_Stored data_
====================

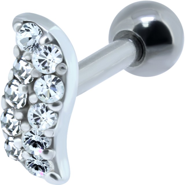 Ear piercing for the helix (auricle) made of 1.2x6mm 316L surgical steel Helix ear piercing with a motive made of sterling silver and lots of small clear crystals, length of the motive 8mm. Shipping in jewelry packaging.
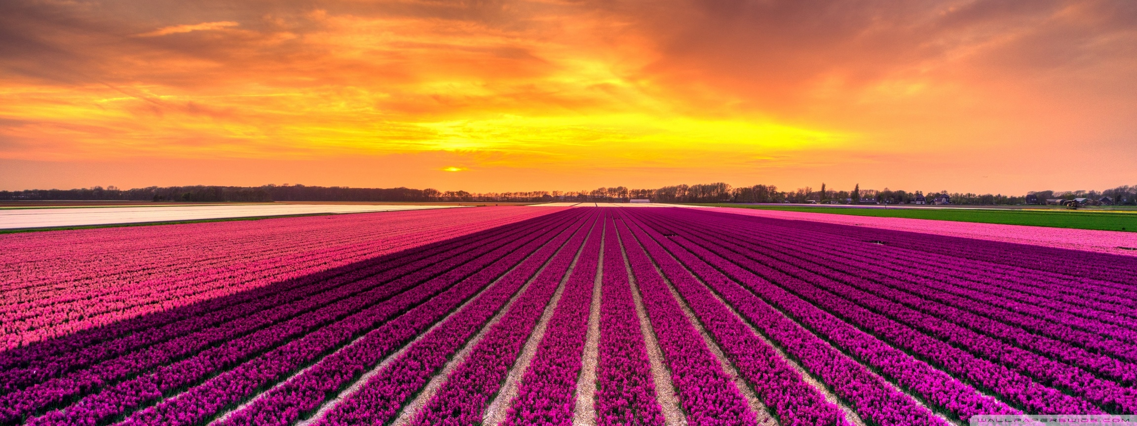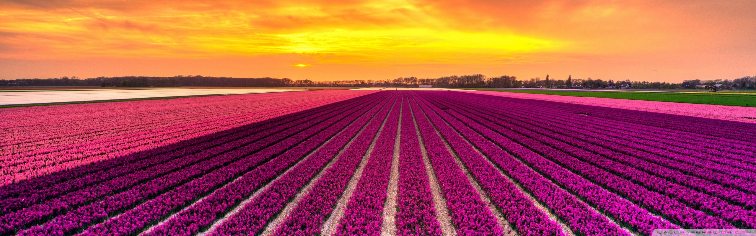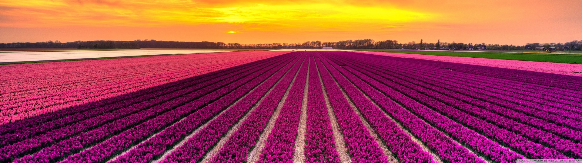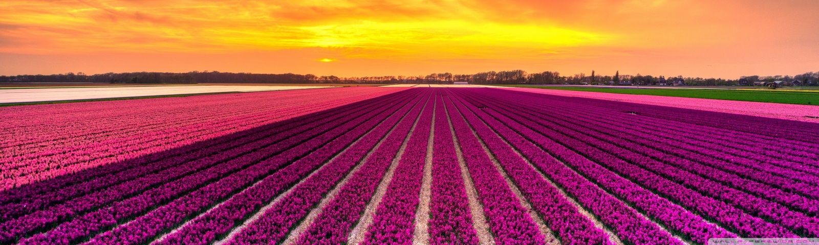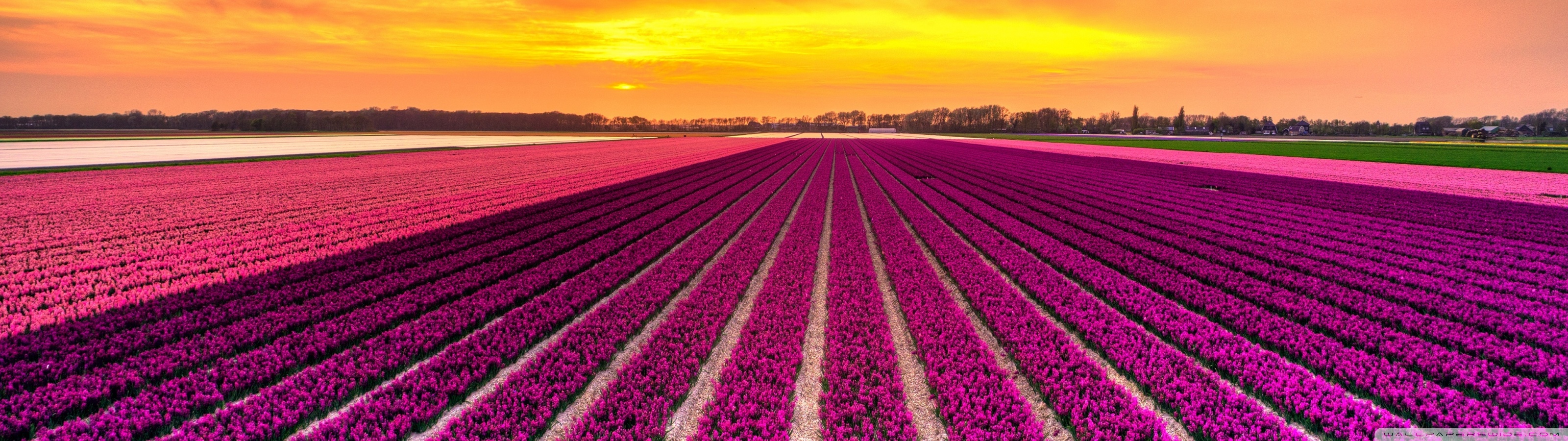 Download Orange Sky Over Flower Field 4K UHD Wallpaper
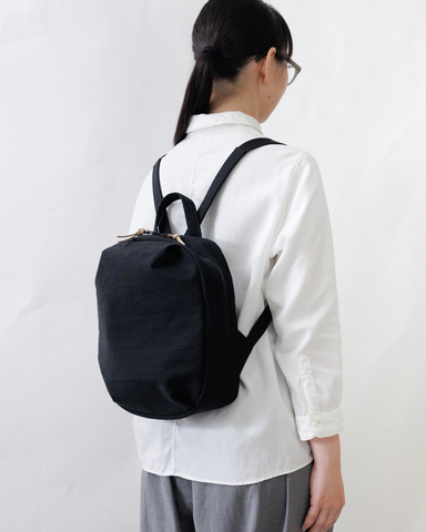 ふつうのナイロンの黒リュックとはひと味違います。 モノトーンコーデもカッコよくきまります。
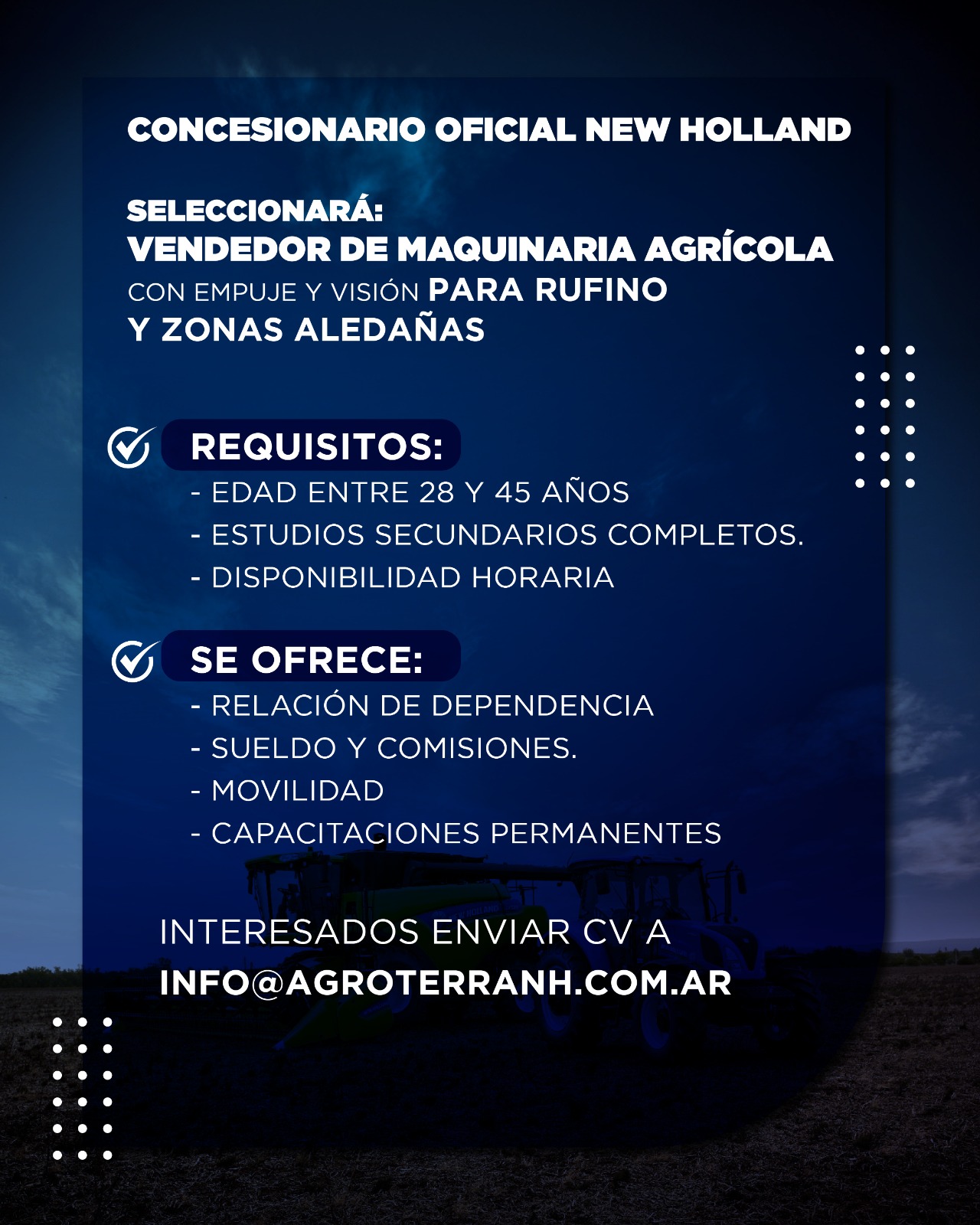 Concesionario oficial New Holland seleccionará para Rufino y zona.

====================

_About this task_
Omit pictures; set down the rest of the material word for word.

_Task response_
 Ear piercing for the helix (auricle) made of 1.2x6mm 316L surgical steel Helix ear piercing with a motive made of sterling silver and lots of small clear crystals, length of the motive 8mm. Shipping in jewelry packaging.
 Download Orange Sky Over Flower Field 4K UHD Wallpaper
 ふつうのナイロンの黒リュックとはひと味違います。 モノトーンコーデもカッコよくきまります。
 Concesionario oficial New Holland seleccionará para Rufino y zona.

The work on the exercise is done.